After a two-hour, 30-minute battle against David Goffin, Grigor Dimitrov emerged with the Nitto ATP Finals trophy in his debut at The O2.

Hear Him Roar, Title Belongs To Grigor!

Bulgarian storms through London field in undefeated championship run

Grigor Dimitrov finished the best season of his career with the biggest title of his life.

The Bulgarian won his fifth consecutive match at the Nitto ATP Finals on Sunday, beating David Goffin 7-5, 4-6, 6-3 to win the season-ending championships during his debut.

It's the fourth title of Dimitrov's 2017 – a career-high – and the eighth of his career. The right-hander was already going to climb to a career-high No. 3 in the year-end Emirates ATP Rankings. But now he'll do so emphatically and with a heap of momentum heading into his 2018 season.

“This makes me even more locked in, more excited about my work, and for what's to come,” Dimitrov said. “It's a great platform for me to build on for next year. It's going to be amazing in the off-season. I know what I have to do in order to do good.”

Read More: Dimitrov: Leaving No Stone Unturned

He became the first debutant to win the Nitto ATP Finals title since Spaniard Alex Corretja in 1998 (d. Moya). The Bulgarian, who finished 5-0 this week in London, will earn $2,549,000 in prize money and 1,500 Emirates ATP Rankings points.
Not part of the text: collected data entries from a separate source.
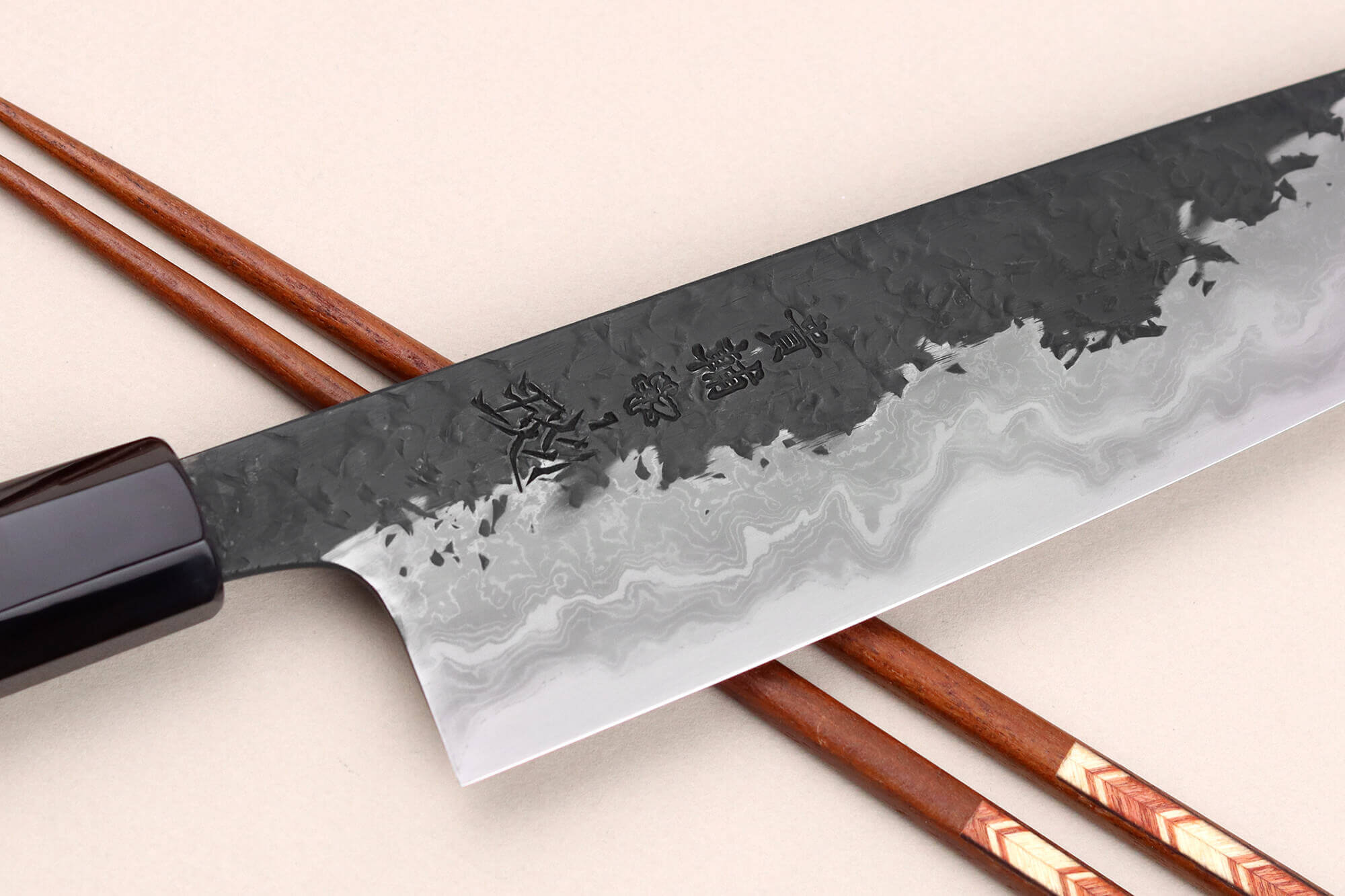 Le damas ne se limite pas à un aspect fonctionnel, il offre également un véritable attrait esthétique ! La superposition des différentes couches d'acier est visible sur toute la partie inférieure de la lame, créant de délicates vagues aux motifs aléatoires. Chaque couteau Kisuke Manaka présente ainsi un motif unique !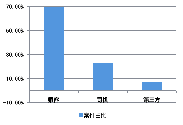 公交车司乘纠纷案件中,50.54%受害人为司机,乘客占20.97%,其他乘客占6.45%,第三方为5.38%,民警占4.30%。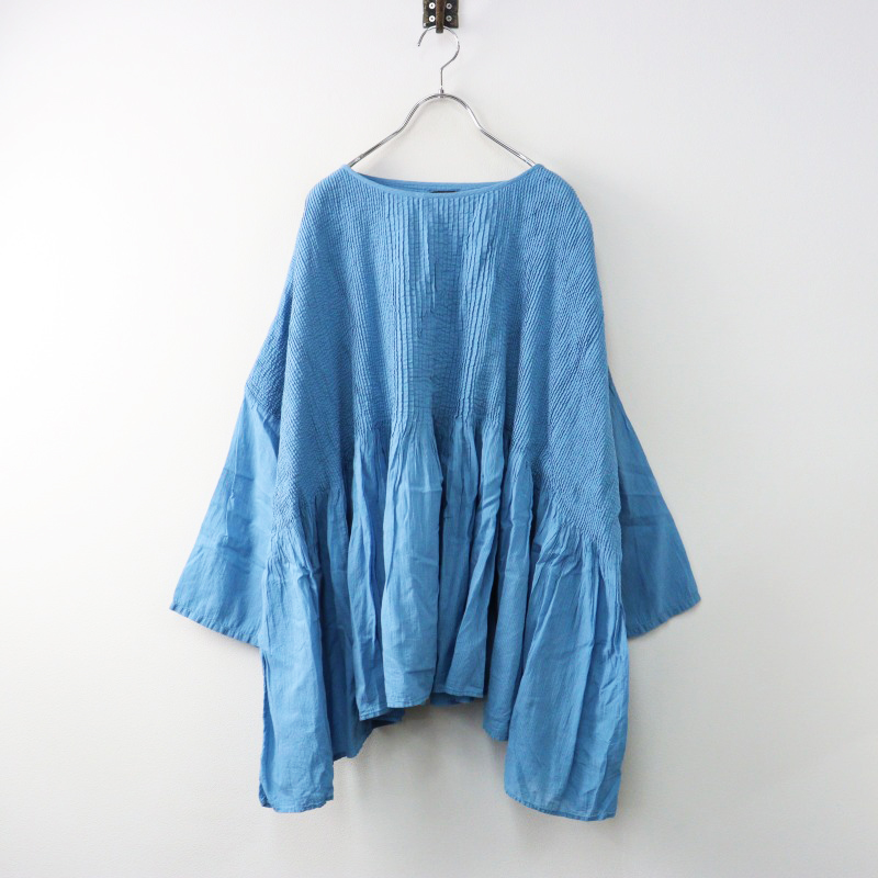 メゾンドソイル maison de soil コットン ドット カシュクール ギャザーブラウス

This was the year so many pundits and fans had wanted for Dimitrov – a quartet of titles, a Top 5 finish. It all seems to have changed midway through last season, when he paired with coach Daniel Vallverdu. The Bulgarian was No. 40 in the Emirates ATP Rankings, his lowest position in more than three years, and he had lost both of his ATP World Tour finals.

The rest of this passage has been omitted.